History

Great Britain
- Name: HMS Burlington
- Ordered: 16 November 1693
- Builder: Sir Henry Johnson, Blackwall Yard
- Launched: 16 September 1695
- Fate: Broken up, 1733

General characteristics
- Class & type: 50-gun fourth rate ship of the line
- Tons burthen: 680 12⁄94 bm
- Length: 131 ft 3 in (40.0 m) (gundeck) 109 ft (33.2 m) (gundeck)
- Beam: 34 ft 3 in (10.4 m)
- Depth of hold: 13 ft 7 in (4.1 m)
- Propulsion: Sails
- Sail plan: Full-rigged ship
- Armament: 50 guns of various weights of shot

= HMS Burlington (1695) =

Ship of the line of the Royal Navy

HMS Burlington was a 50-gun fourth rate ship of the line of the Royal Navy, built by Sir Henry Johnson's Blackwall Yard, and launched on 16 September 1695 (along with her sistership, the Severn).

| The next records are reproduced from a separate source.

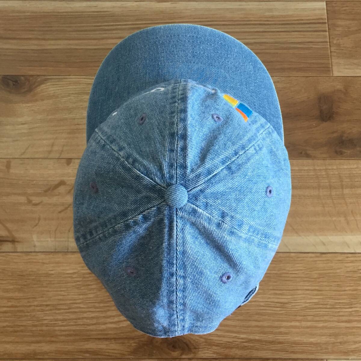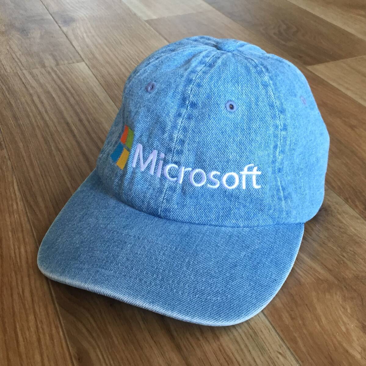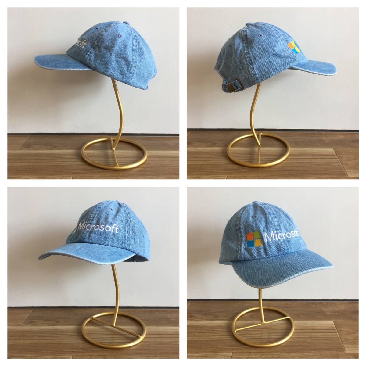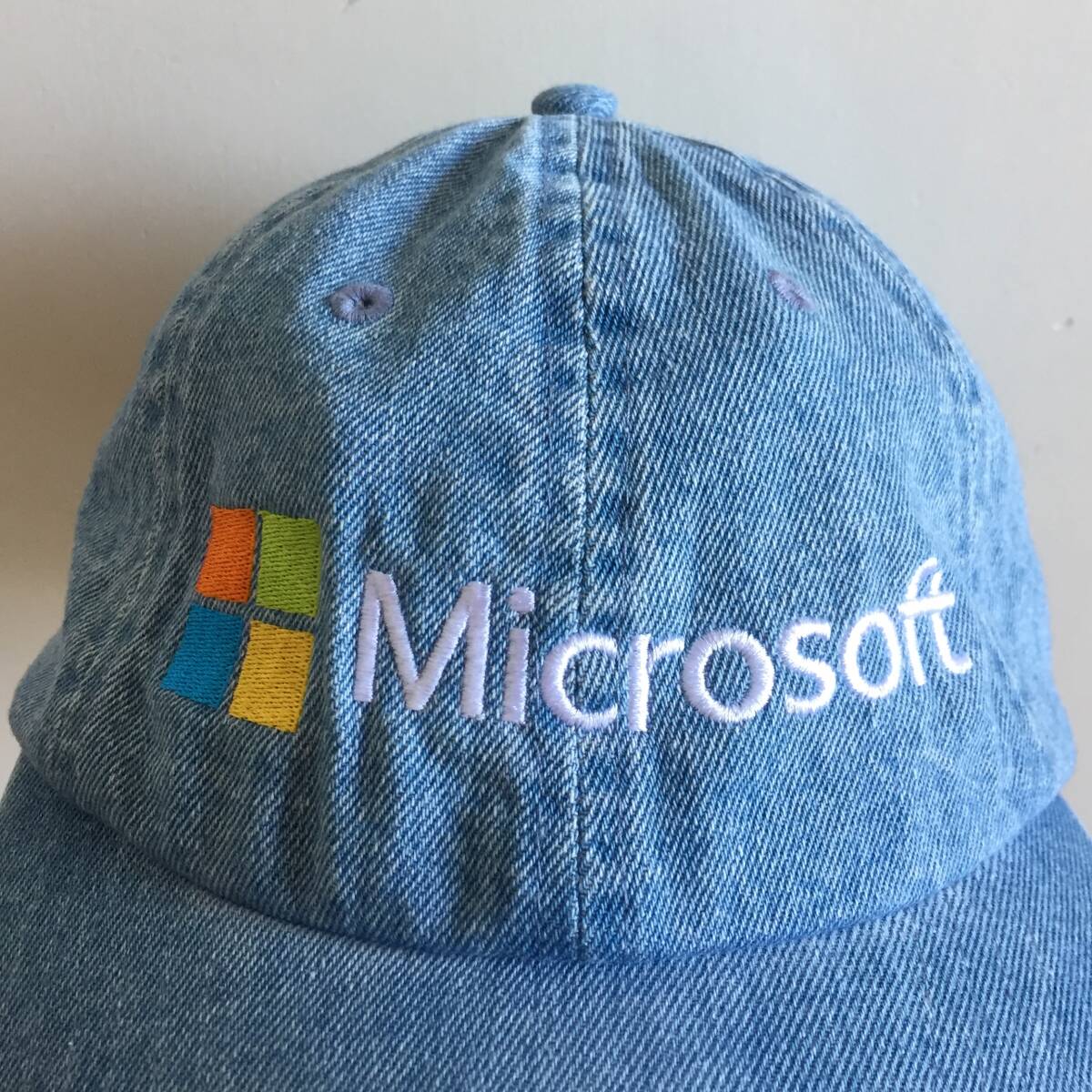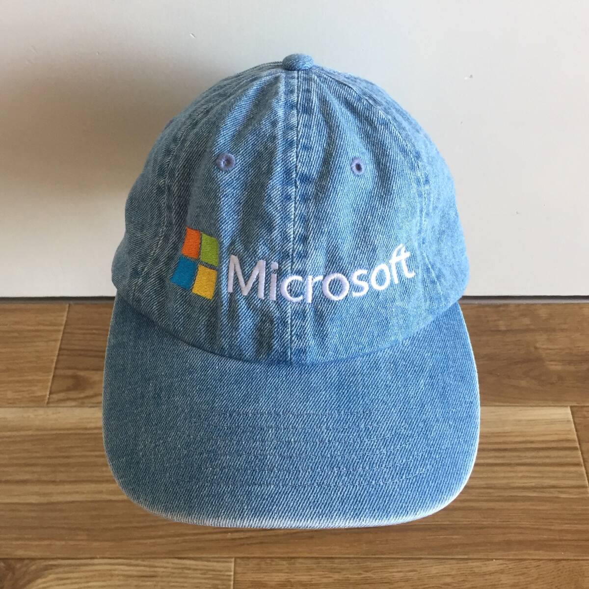Microsoft マイクロソフト 帽子 キャップ 6パネル ロゴ 刺繍 企業 デニム ライトブルー フリーサイズ サイズ調節可能 古着 美品 希少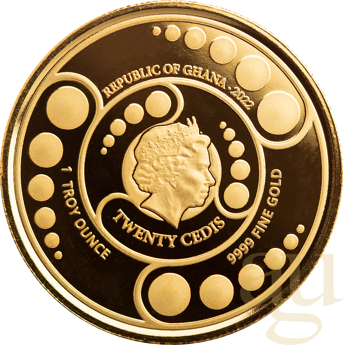 Die Rückseite dieser wertvollen Münze präsentiert eine spiralförmige Anordnung aus Kornkreisen, die eine Verbindung zu fernen Galaxien und geheimnisvollen Dimensionen zu suggerieren scheint. In der Mitte befindet sich das Staatswappen von Ghana mit seinen zwei majestätischen Adlern, was einen faszinierenden Kontrast zu den außerirdischen Motiven bildet.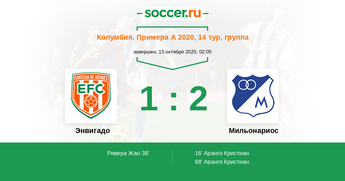 Колумбия. Примера А 17.01.2021 Мильонариос Логотип футбольный клуб Мильонариос (Богота) 1:0 Логотип футбольный клуб Энвигадо Энвигадо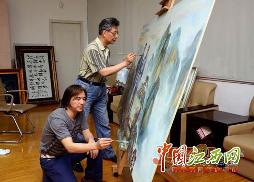中国江西网7月29日南昌讯 近日,由中国工艺美术大师,景德镇市陶瓷研究所所长赖德全和上海实力派画家杨秋宝、奚文渊联袂创作的大型重大历史题材瓷板画《红色记忆》顺利完成。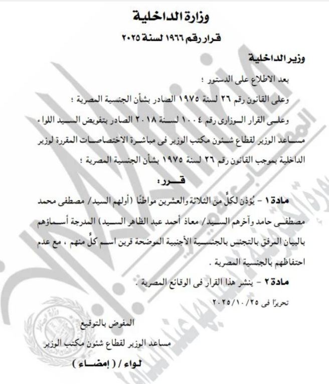 نشرت الجريدة الرسمية قرار وزارة الداخلية رقم 1966 لسنة 2025، بالإذن لـ23 مواطنا بالتجنس بالجنسية الأجنبية مع عدم احتفاظهم الجنسية المصرية.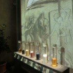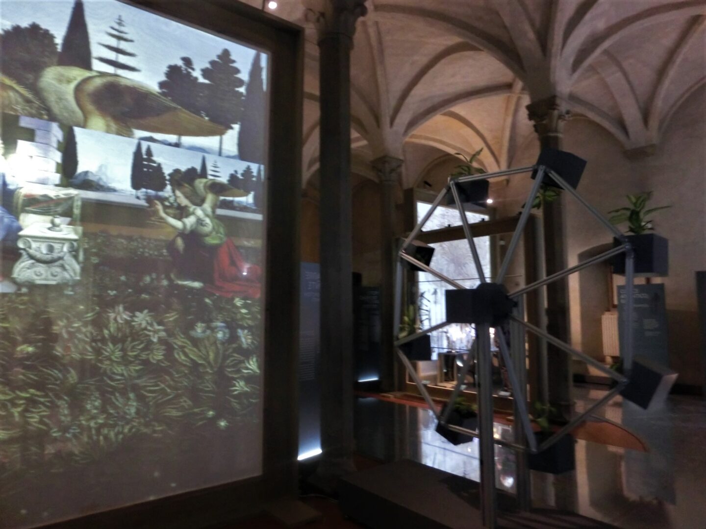 入口は薄暗く、手前天井に浮かび上がるのはミラノ・スフォルツァ城で最近修復が終わった「アッセの間」のフレスコ画(TOP写真)。そこに描かれているのは、桑の木・・・緻密に描かれた木は、まさにレオナルドの自然観察と、そこから考察された地球上の体系学なのです。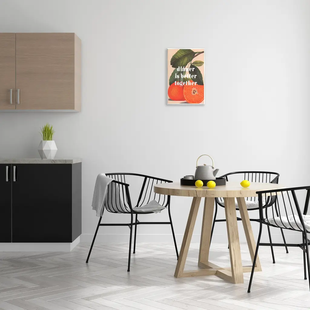 Our wall plaques start as high-quality lithograph prints mounted on durable 0.5-inch thick MDF wood. Each piece is hand finished and comes with a fresh layer of white foil on the sides to give it a crisp, clean look. Plaques arrive ready to hang without installation and come with removable plastic corners to keep them from damage in transit. Stupell Wall Art is made in the USA.Features: Dimensions: 10 x 0.5 x 15 InchesWall Plaque Product Sizes Include 10"x15" and 13"x19". All wall plaque products have a 0.5" Depth. Wall Art is Ready to Hang with Hardware Free Hanging. No installation required. For Easy Set Up Lean or Layer Artwork on Shelf or Against Wall.All of our wall plaques start off as high quality lithograph prints that are then mounted on durable 0.5 inch thick MDF wood. Each piece is hand finished and comes with a fresh layer of foil on the sides to give it a crisp clean look. Made In USA.Artwork Relates To: Citrus Fruit, Food, Fruit, Plant, Produce, Grapefruit, Dinner Is Better TogetherDesign by Lil' Rue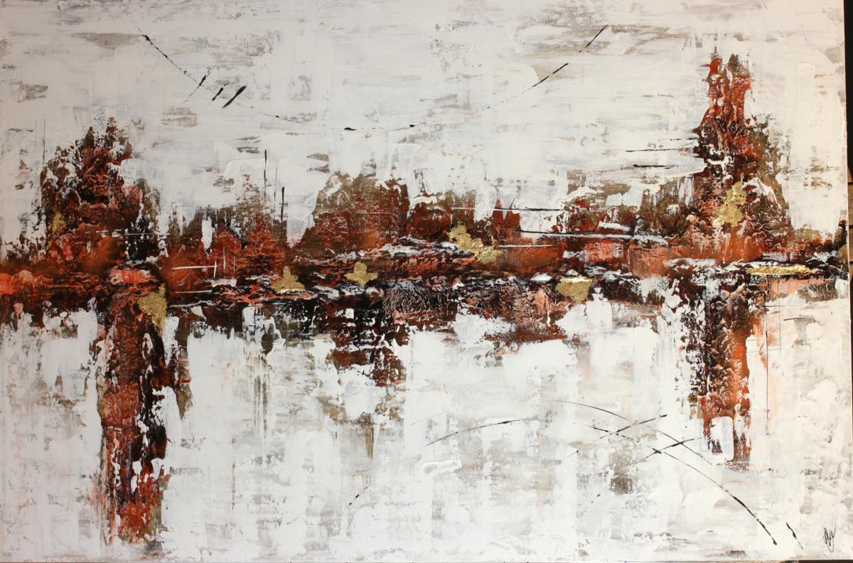Cuadro de estilo abstracto pintado sobre lienzo de tela y montado en bastidor de 3, 5cm.

The commercial contract had originally been agreed with Johnson on 16 November 1693 (for four ships - the Romney and Colchester, as well as the Severn and Burlington), but the latter two were delayed and a fresh contract for them agreed on 7 December 1694.

The Burlington underwent a large repair at Chatham Dockyard from 1713 to 1715, and was paid off in September 1717, and was broken up in August 1733, with a new 60-gun ship (the Augusta) being built at Deptford Dockyard to replace her.